YOUR OBJECTIVE: Copy each line of the data below exactly, leaving out pictures.

RAW DATA:
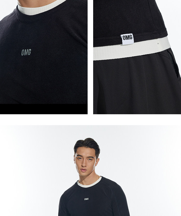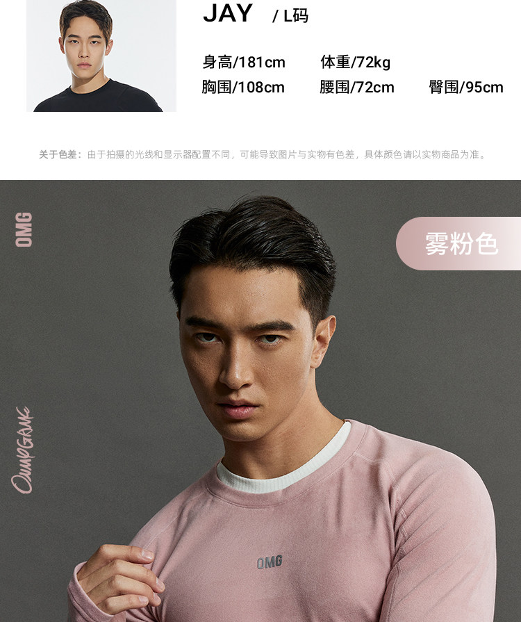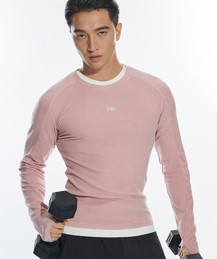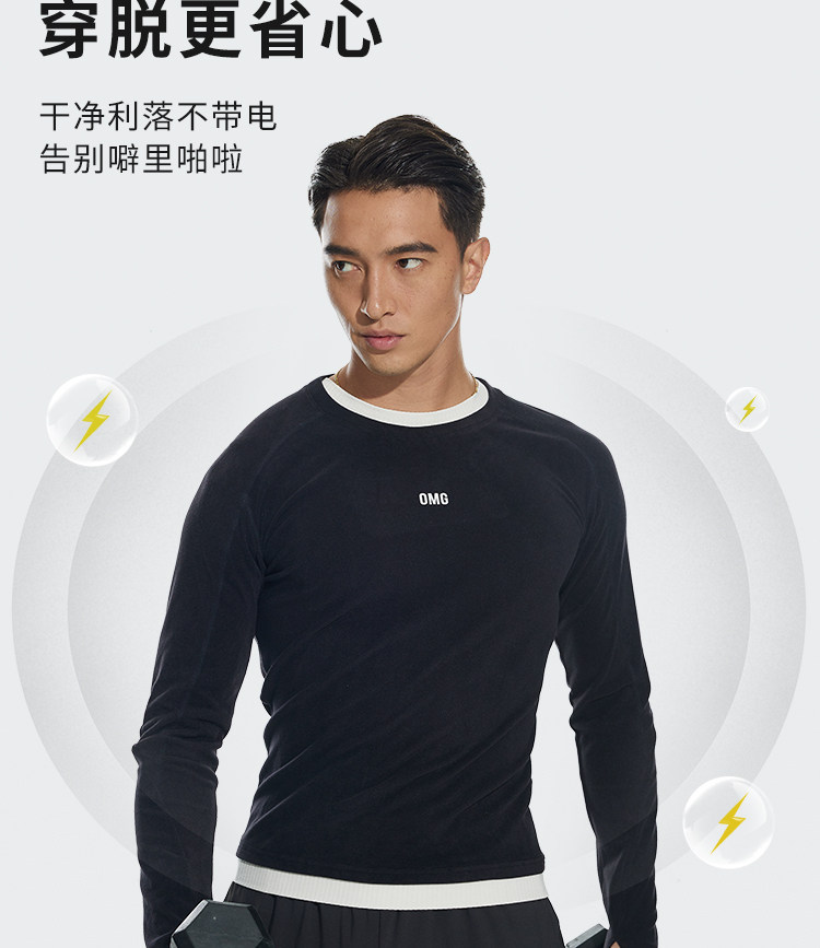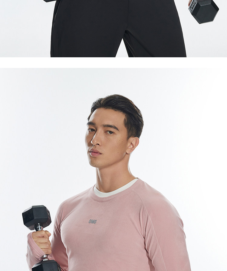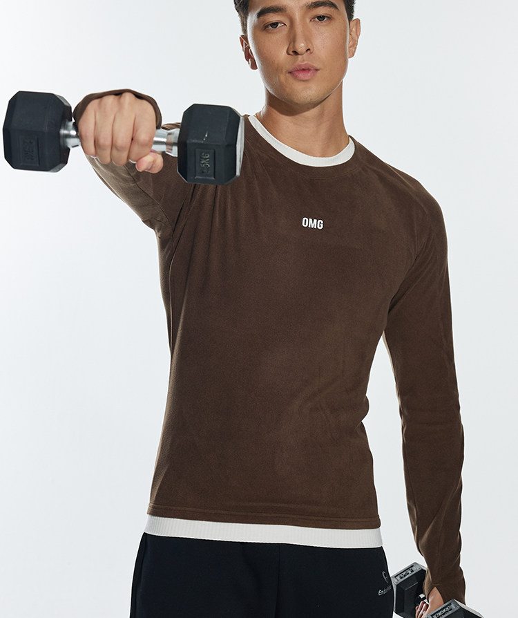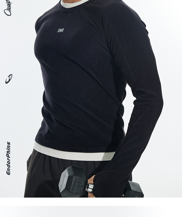 OMG运动 【假两件设计】加绒紧身衣长袖t恤男秋冬季打底衫健身服
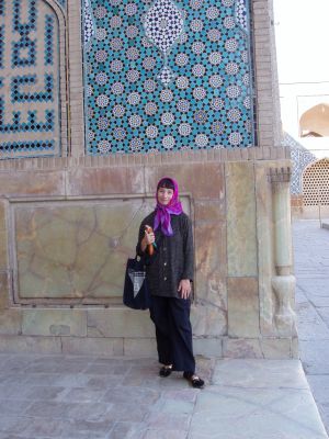 This is a variation on the first day's outfit, but this time with a smaller version of the handmade headscarf. Notice it is just tied under the chin. The 'under the chin' tie was a common style. But Kathy preferred the 'pin-up' version, as you can see in the previous photo. Before we left, we had a lot of advice from Islamic women 'to not tie', because the scarf would slip all the time, and Kathy went equipped with a vast selection of pretty 'hijab' pins found on eBay, most handmade with love for that very purpose. They were so right! Women in Iran spend a lot of time adjusting their scarves. They have a 'scarf tic' and Kathy found it unbearable. But this scarf was not a slippery material, it did not slip, and it was a nice change.
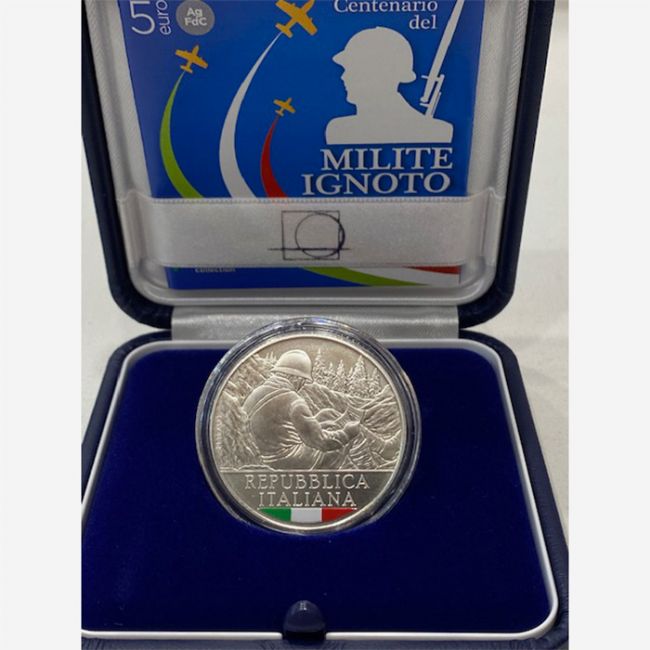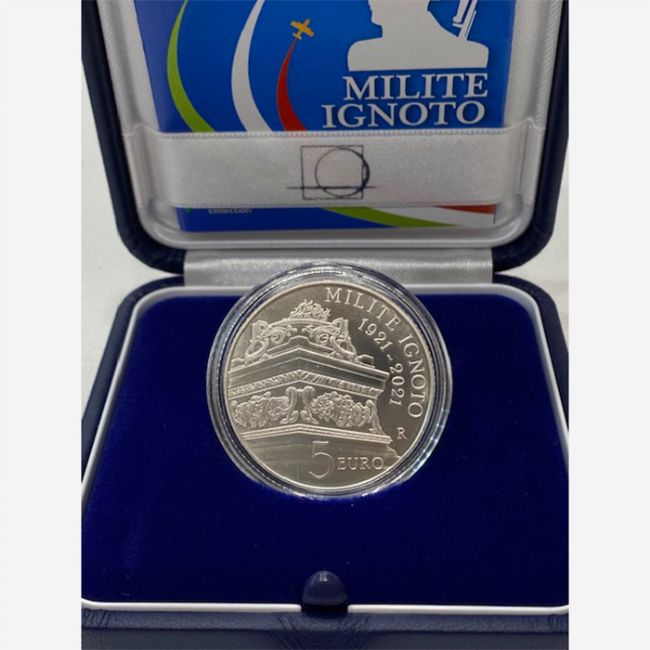 Monetazione euro, moneta in argento 925/1000 da 5 euro versione fondo specchio (FS) coniata dalla zecca poligrafico dello Stato della Repubblica Italiana a celebrare il centenario del Milite Ignoto 1921-2021. La moneta nel dritto raffigura un soldato al fronte che legge una lettera, sotto la scritta REPUBBLICA ITALIANA, in basso il tricolore smaltato, al rovescio della moneta raffigurazione di uno dei due bracieri posti ai lati del sacello del Milite Ignoto che custodisce, all'interno dell'Altare della Patria, un soldato italiano caduto nella Prima Guerra Mondiale a ricordo e commemorazione di coloro che hanno donato la vita in nome dell'Italia e della sua libertà. Nel giro a destra della moneta la scritta MILITE IGNOTO e le date 1921 - 2021. Moneta da 5 euro con elementi colorati - GR. 18 - Argento 925/1000 - MM. 32 - Versione FS -

ANSWER TO THE EXERCISE:
 OMG运动 【假两件设计】加绒紧身衣长袖t恤男秋冬季打底衫健身服
 This is a variation on the first day's outfit, but this time with a smaller version of the handmade headscarf. Notice it is just tied under the chin. The 'under the chin' tie was a common style. But Kathy preferred the 'pin-up' version, as you can see in the previous photo. Before we left, we had a lot of advice from Islamic women 'to not tie', because the scarf would slip all the time, and Kathy went equipped with a vast selection of pretty 'hijab' pins found on eBay, most handmade with love for that very purpose. They were so right! Women in Iran spend a lot of time adjusting their scarves. They have a 'scarf tic' and Kathy found it unbearable. But this scarf was not a slippery material, it did not slip, and it was a nice change.
 Monetazione euro, moneta in argento 925/1000 da 5 euro versione fondo specchio (FS) coniata dalla zecca poligrafico dello Stato della Repubblica Italiana a celebrare il centenario del Milite Ignoto 1921-2021. La moneta nel dritto raffigura un soldato al fronte che legge una lettera, sotto la scritta REPUBBLICA ITALIANA, in basso il tricolore smaltato, al rovescio della moneta raffigurazione di uno dei due bracieri posti ai lati del sacello del Milite Ignoto che custodisce, all'interno dell'Altare della Patria, un soldato italiano caduto nella Prima Guerra Mondiale a ricordo e commemorazione di coloro che hanno donato la vita in nome dell'Italia e della sua libertà. Nel giro a destra della moneta la scritta MILITE IGNOTO e le date 1921 - 2021. Moneta da 5 euro con elementi colorati - GR. 18 - Argento 925/1000 - MM. 32 - Versione FS -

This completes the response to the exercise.